The 2 year old has been with us to St. Tropez twice and he is a perfect traveling toddler. Sits in his Car Seat, plays sings smiles, eats drinks farts (usually followed by laughter) and is toilet trained.

I will leave heer Tea Time and subject to traffic in the UK will be in France around 1am. Sleep over on An Aire somewhere and then decide what to do next day.

Thanks for the reply.

TM


----------



## mandyandandy (Oct 1, 2006)

Thanks for heads up Carol, we are 7.2 mtr so not looking hopeful then.
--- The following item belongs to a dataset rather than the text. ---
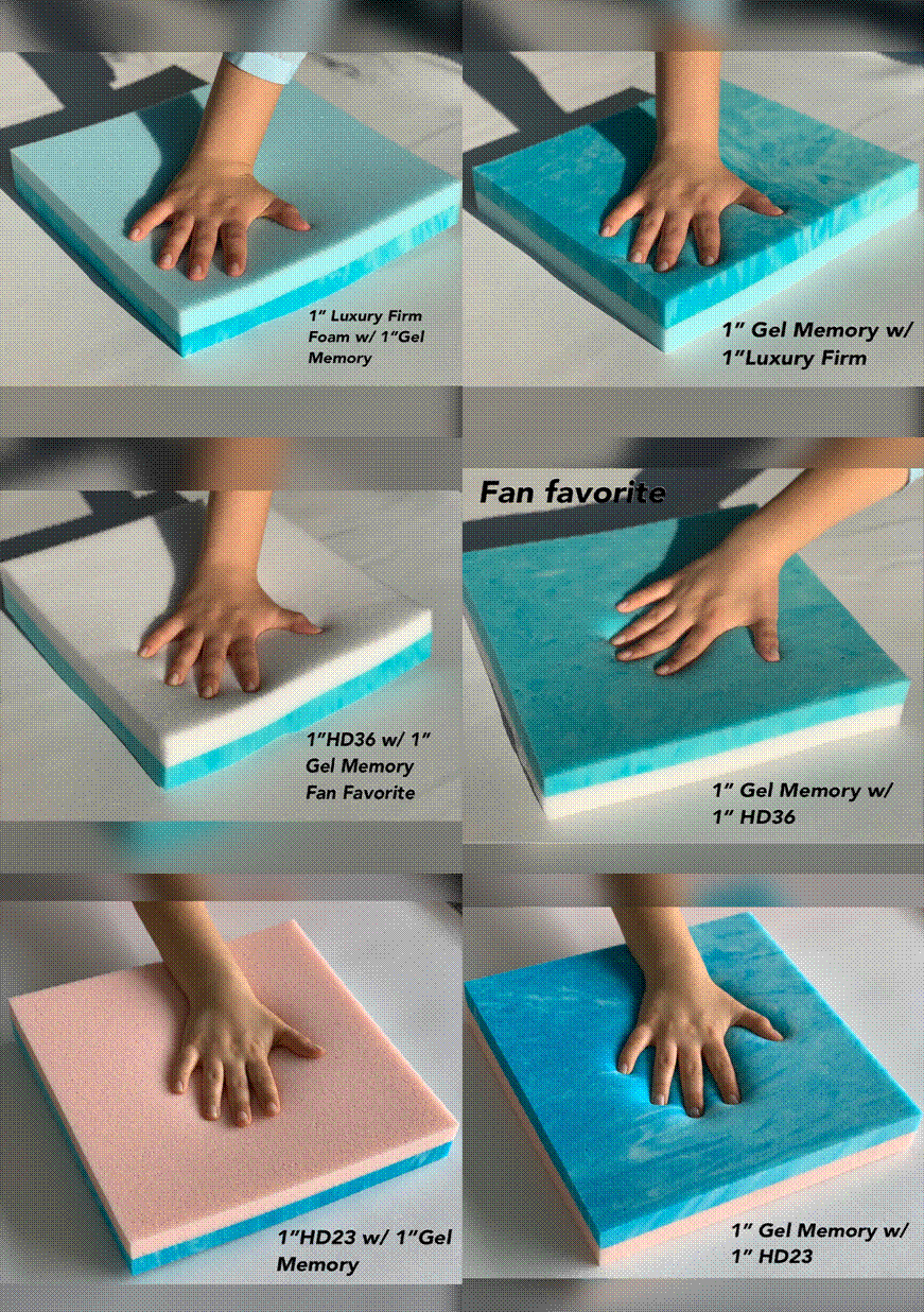 There are 5 different types of firmnesses to choose from: * 1” Thick Gel Memory Foam 4LBS with 1" Extra Firm Super Luxury Foam * 1” Thick Gel Memory Foam 4LBS with 1" Firm Luxury Foam * 1” Thick Gel Memory Foam 4LBS with 1" Medium Premium Foam * 1” Thick Gel Memory Foam 4LBS with 1" Extra Hd23 Soft Foam * 1” Thick Gel Memory Foam 4LBS with 1" Dry Fast Foam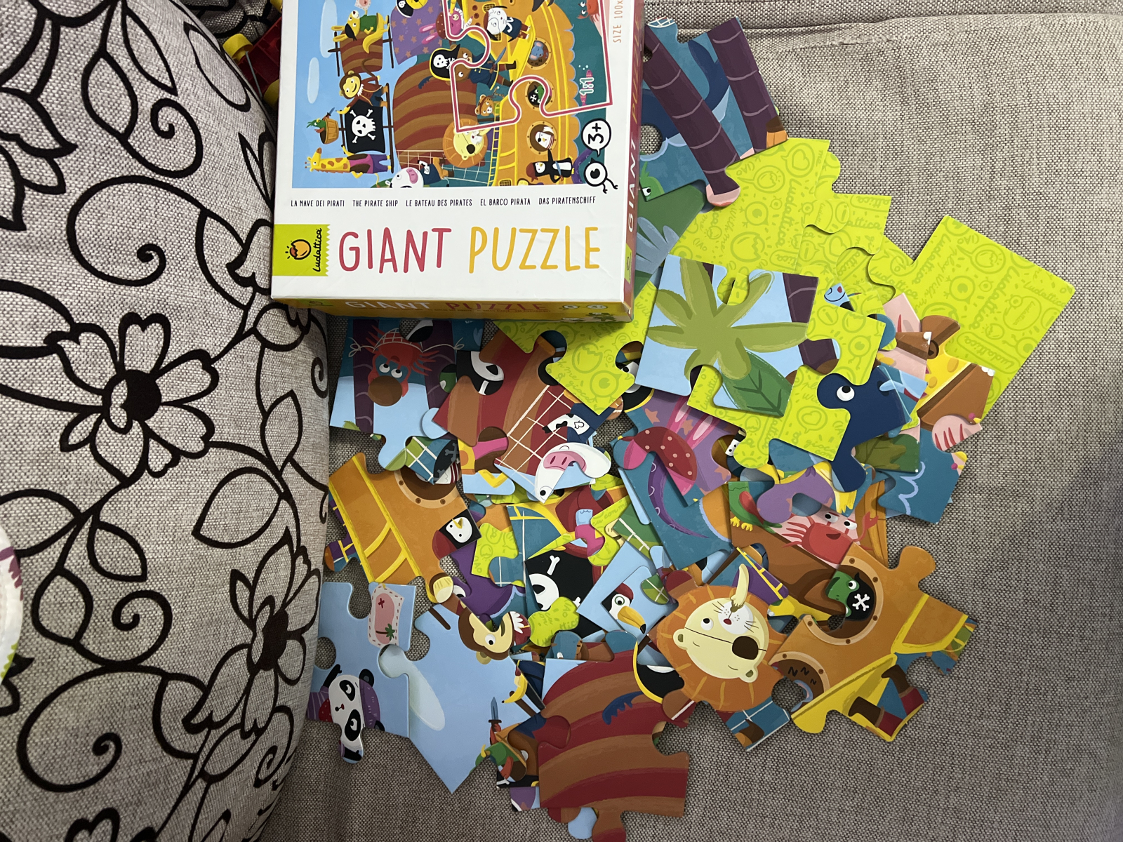Puzzle-ul se așază direct pe podea, iar copiii pot asambla piesele pentru a descoperi o scenă plină de aventuri pe mare, cu personaje și detalii specifice lumii piraților. Piesele mari, din carton gros, sunt ușor de manevrat de către mâinile mici și permit construirea unui tablou de 100 x 70 cm.

Will check out the place you mentioned and will also look in ASCI book and see if there is anything in there. 

Problem is with Easter time usually busy it may be worse than normal. 

Mandy


----------



## teemyob (Nov 22, 2005)

*sun*

I hope we get some sunshine, fed up of grey damp weather.


----------



## joedenise (Jul 20, 2007)

Hi Mandy, Mosel is really nice and picturesque. Ideal for cycling, many cycle routes. A lot of people cycle camp there. Weather needs to be good though. The wine is brilliant! Not far between aires so sometimes you only need to do a couple of miles between stops.

When we did the Mosel we did down from Koblenz to Trier only took a week but only one night at each aire and took a week. Next time we'll travel further down and into France.

Joe


----------